The Skinny – Amy Brunell

In my family, we all struggle to be motivated to accomplish things that we don’t find “interesting.” This is a common struggle with people on the spectrum, including ADHD. We are able to sustain motivation for a small amount of time, and then we lose it. We are however, very motivated by anything that interests us. We can sustain motivation and become highly competent.

My son struggles with writing. It’s something that he’s never felt very good about. It started when his writing grip was labeled a “five-finger grasp” and still many years later, he still doesn’t think he can write well. When he has an essay due, even though he has the option of typing it, the trauma of those early years, feeling comfortable and incompetent linger within him.

My son is an amazing thinker. Since he was very small, he has always had worldly thoughts about things far beyond his familiar world. He actually has something to say if he could just figure out the trick of how to write it.

I suffered with writing incompetency much of my life as well. I really didn’t learn to write until my 30’s. I had many thoughts, but I struggled to express them in a grammatically correct way.

Writing an essay is a type of pattern. Since my son feels very competent in math, I’ve been showing him the puzzles and patterns of writing essays. I’m using repetition to show him that if he can just figure out a question or thesis, follow the pattern, he can indeed write!

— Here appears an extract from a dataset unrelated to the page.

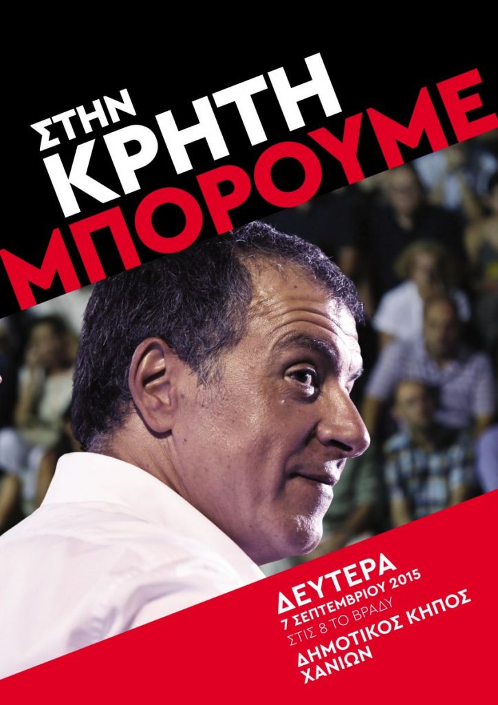 ΧανιαΣυγκέντρωση “Το Ποτάμι” στον Κήπο στα Χανιά 3 Σεπ 2015 07.51Ο επικεφαλής του Ποταμιού Σταύρος Θεοδωράκης, θα μιλήσει σε ανοιχτή συγκέντρωση στον Δημοτικό Κήπο Χανίων τη Δευτέρα 7 Σεπτεμβρίου στις 8 μ.μ. Grigorios Koukoudakis SHARE |

As I point out the similarities of essay writing, my hope is that his feeling of competency grows. I have learned something important about myself observing my children. If I feel like I am able to do a task, my motivation to try is higher. Does that sound obvious? Perhaps.

But what about other things like exercising or losing weight? If you have started and tried multiple times, your motivation begins high but somewhere it starts to wane. Is it because the feeling of competency, the feeling of being able to complete a task eludes you? How many times do we give up on our goal when it seems to take too long? How does immediate gratification get in the way?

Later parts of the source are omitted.